Saved data entries:
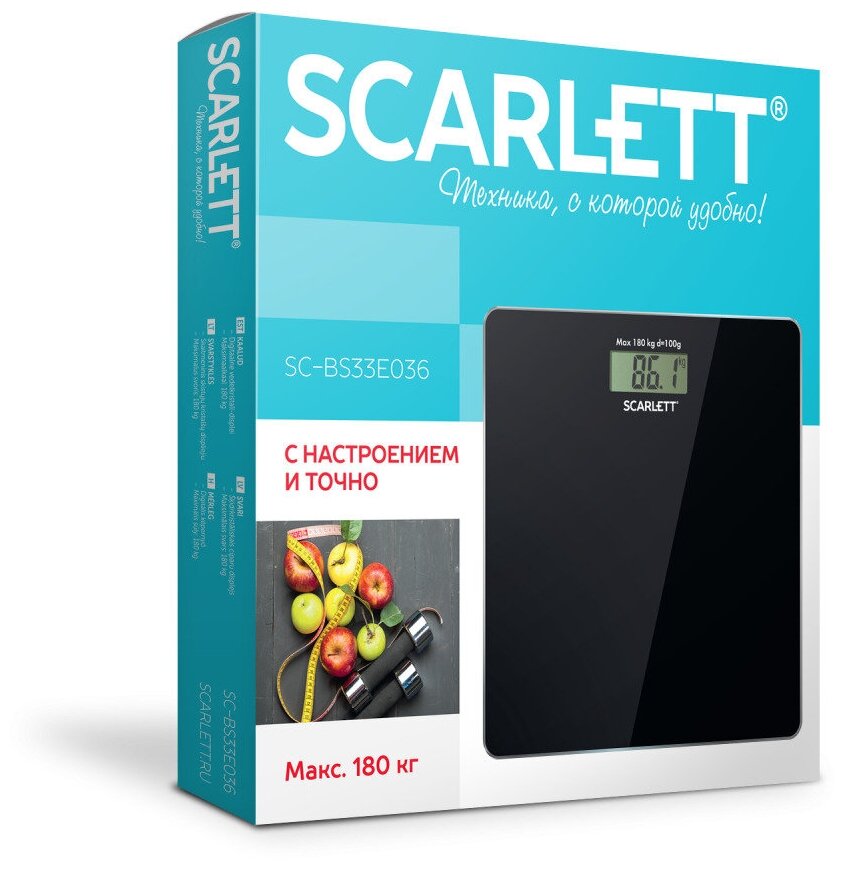 Весы SCARLETT SC-BS33E036, напольные, 180кг, черный
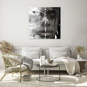 Glasbild - Bild auf glas - Porträt mit Ethno-Muster in Schwarz-Weiß mit Aquarelleffekt - 120x80cm - Entdecke den Urgeist - Moderne Wanddekoration für Wohnzimmer und Schlafzimmer ARTTOR
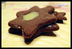 Lorsque j’ai essayé cette recette , j’ai pris des emporte piéces en étoile. C’est une mauvaise idée car ce n’est pas simple de repartir la ganache de façon homogéne sur cette forme et les deux sablés ne se superposent pas trés bien. Mieux vaut prendre des formes plus simples.
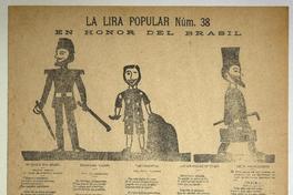 En honor del Brasil : la lira popular núm. 38 / Juan B. Peralta. [Chile] : Imprenta "El Debate", [1902?] 1 hoja : ilustraciones ; 51 x 39 cm. .
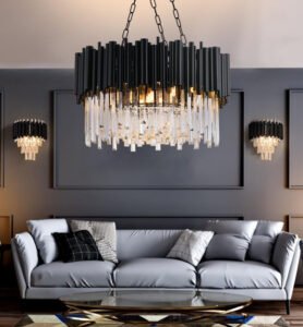 Post-modern LED chandelier. Dark minimalistic design that will put class to most rooms, whether it’s an office, dining or living room, or why
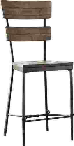 A prime addition to your industrial or transitional decor. The Valyermo counter height non-swivel stool is right at home with exposed brick and rafters. The dual-tone contrasting grain embodies today's trends; curves and rounded edges add softness to this pragmatic design. Forged in heavy gauge tubular steel with brown finish and juxtaposed with distressed walnut finished wood components to create stunning style with lasting durability. Slightly curved stool backs and perfectly placed foot rests offer ultimate comfort for diners. Customer assembly is required.
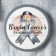 This 2.25" round pinback button features a sleek gray border symbolizing strength and support. At the center, a bold gray awareness ribbon takes the spotlight—representing brain cancer awareness. Behind the ribbon, a soft watercolor illustration of the human brain adds a thoughtful, artistic touch that reflects the complexity of the condition. Superimposed across the ribbon is the text:
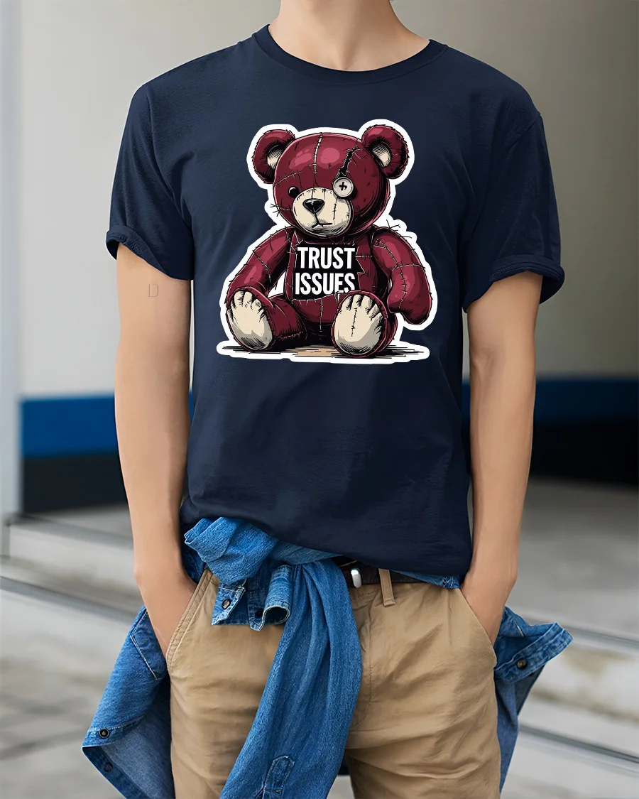 The stitched teddy bear and the “Trust Issues” text make this tee stand out with its mix of vulnerability and rebellion.
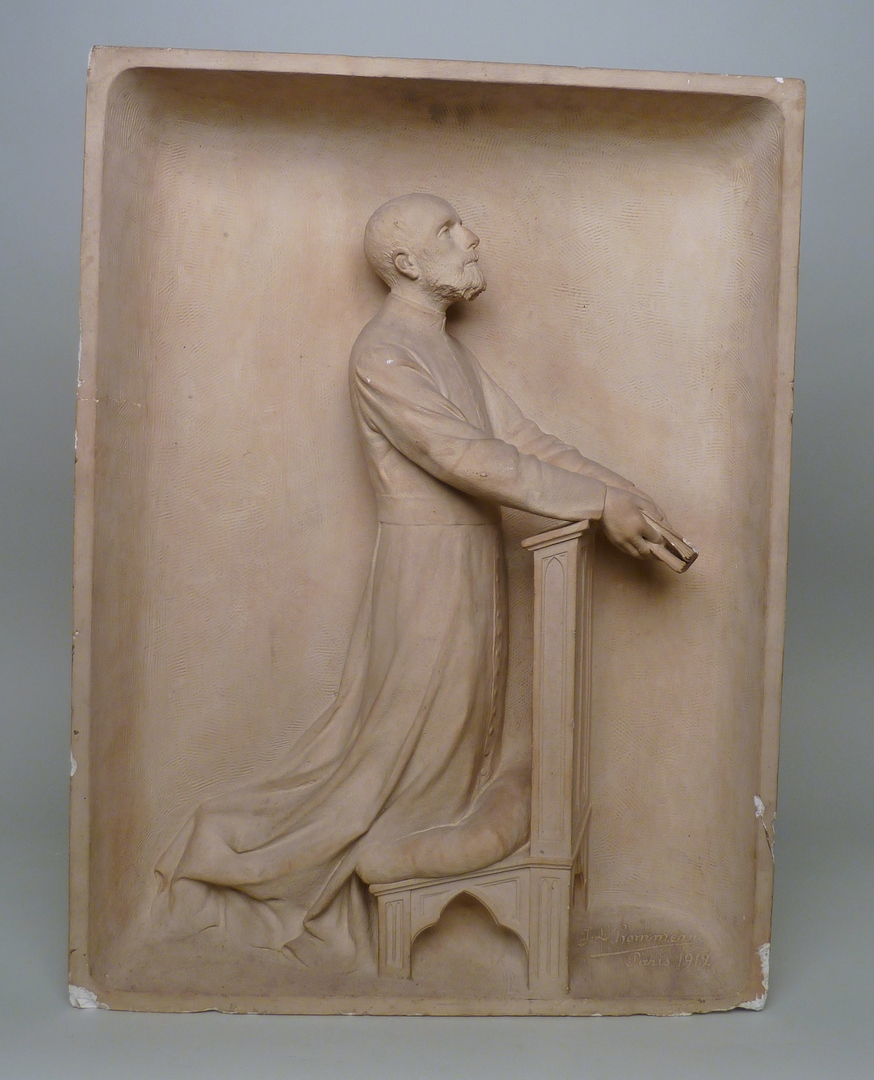 Reliëf met priester knielend op bidstoel
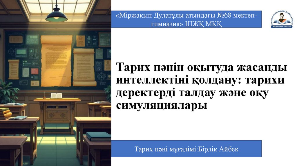 «Міржақып Дулатұлы атындағы №68 мектепгимназия» ШЖҚ МКҚТарих пәнін оқытуда жасанды
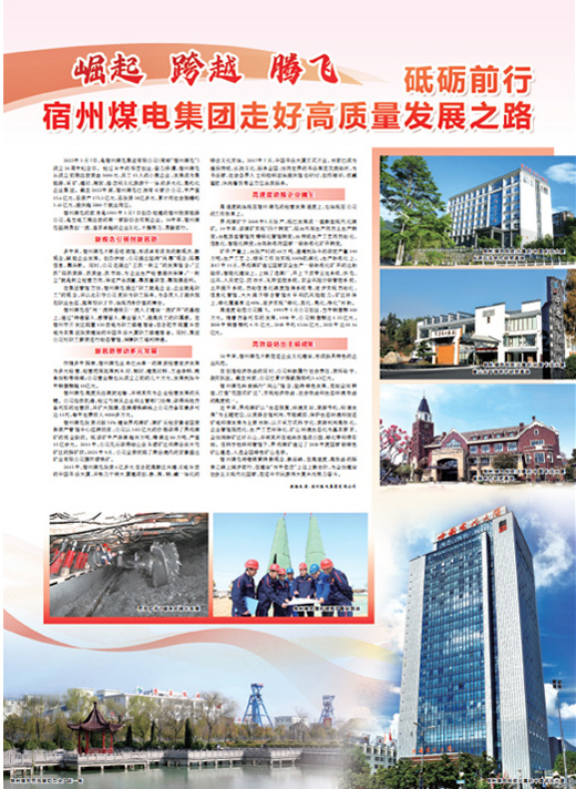 宿州煤电将继续秉持新观念、新思路,在高速度、高效益的探索之路上阔步前行,在建设“百年老店”上迈上新台阶,为全面建设社会主义现代化国家,推进中华民族伟大复兴而努力奋斗。
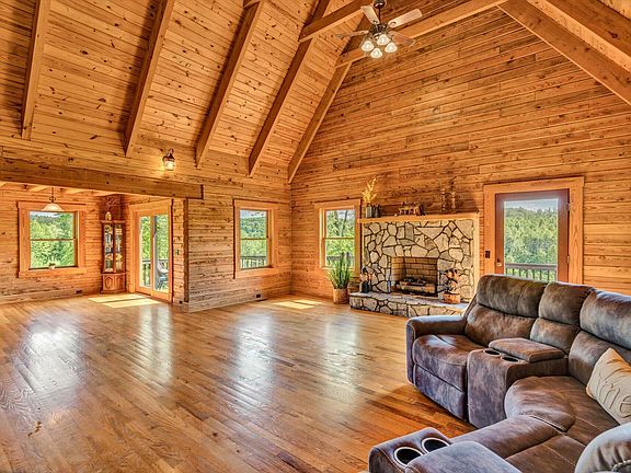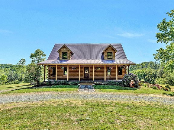 Log Home with 17+ acres! Enjoy privacy on multiple parcels totaling over 17 un-zoned acres in the foothills of Virginia's Blue Ridge. Room to play, have your homestead or hobby farm. Custom Log home features a metal roof, open floor plan, cathedral ceiling with exposed beams, and stone fireplace for gas logs or wood burning. One-level living with master suite, great room, kitchen with walk-in pantry, office/hobby room and laundry on the main floor. Room for family and guests upstairs & full walkout basement with tons of storage space. Well maintained, just re-stained & caulked in 2022.
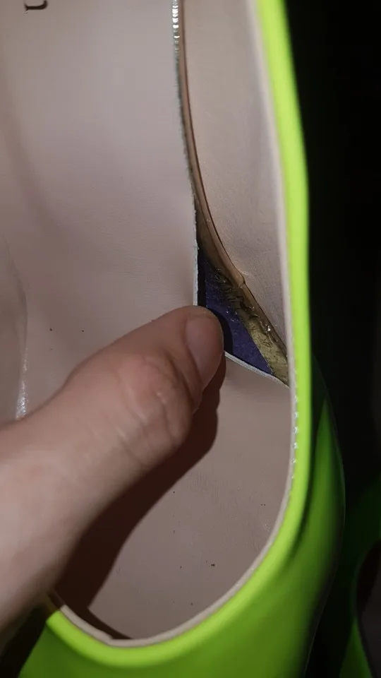 Ну это просто ужас! Такого говна я давно не встречала . Если эти туфли выдержат хоть один выход в свет, то мне повезёт. Не проклеены. Между каблуком и основой расстояние. Есть царапины, видно клей. Всё кривое, косое. Я очень расстроена. Фото прилагаю. С продавцом не общалась
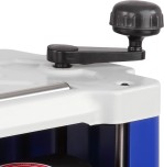 Модель оборудована индикатором строгания, отображающим высоту снятия за один проход, и рукояткой регулировки, перемещающей рабочую платформу. Установка конечной толщины обработки производится рукояткой настройки суммарной глубины строгания, расположенной на правом торце корпуса.
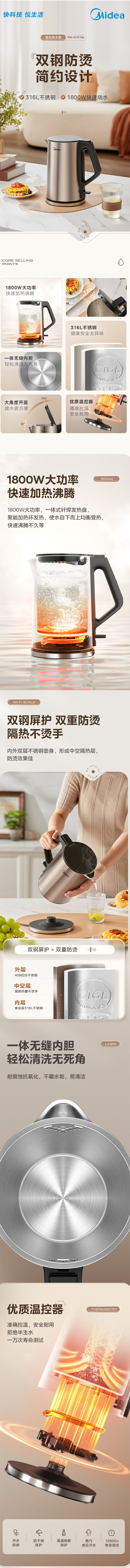 美的双钢电热水壶MK-HJ1510+金号纯棉毛巾绣丽2条装HY1678
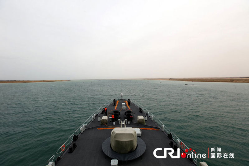 國際在線報道(記者王智達、曹金平):當地時間27日清晨6時(北京時間中午12時),執行“和諧使命——鄭和艦環球行”任務的中國海軍遠洋航海訓練艦“鄭和”艦,在埃方引水員引導下,緩緩駛入世界聞名的蘇伊士運河。圖為鄭和艦駛入蘇伊士運河 王智達攝
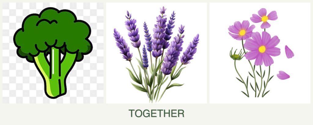- Competition for Resources: Broccoli’s high nutrient needs may compete with lavender and cosmos if not managed.

* TASK: Every line above in the stretch from the one with "A prime addition" through the one with "宿州煤电将继续秉持新观念、新" is to be transcribed exactly, ends included. No picture is copied.

* TASK ANSWER:
 A prime addition to your industrial or transitional decor. The Valyermo counter height non-swivel stool is right at home with exposed brick and rafters. The dual-tone contrasting grain embodies today's trends; curves and rounded edges add softness to this pragmatic design. Forged in heavy gauge tubular steel with brown finish and juxtaposed with distressed walnut finished wood components to create stunning style with lasting durability. Slightly curved stool backs and perfectly placed foot rests offer ultimate comfort for diners. Customer assembly is required.
 This 2.25" round pinback button features a sleek gray border symbolizing strength and support. At the center, a bold gray awareness ribbon takes the spotlight—representing brain cancer awareness. Behind the ribbon, a soft watercolor illustration of the human brain adds a thoughtful, artistic touch that reflects the complexity of the condition. Superimposed across the ribbon is the text:
 The stitched teddy bear and the “Trust Issues” text make this tee stand out with its mix of vulnerability and rebellion.
 Reliëf met priester knielend op bidstoel
 «Міржақып Дулатұлы атындағы №68 мектепгимназия» ШЖҚ МКҚТарих пәнін оқытуда жасанды
 宿州煤电将继续秉持新观念、新思路,在高速度、高效益的探索之路上阔步前行,在建设“百年老店”上迈上新台阶,为全面建设社会主义现代化国家,推进中华民族伟大复兴而努力奋斗。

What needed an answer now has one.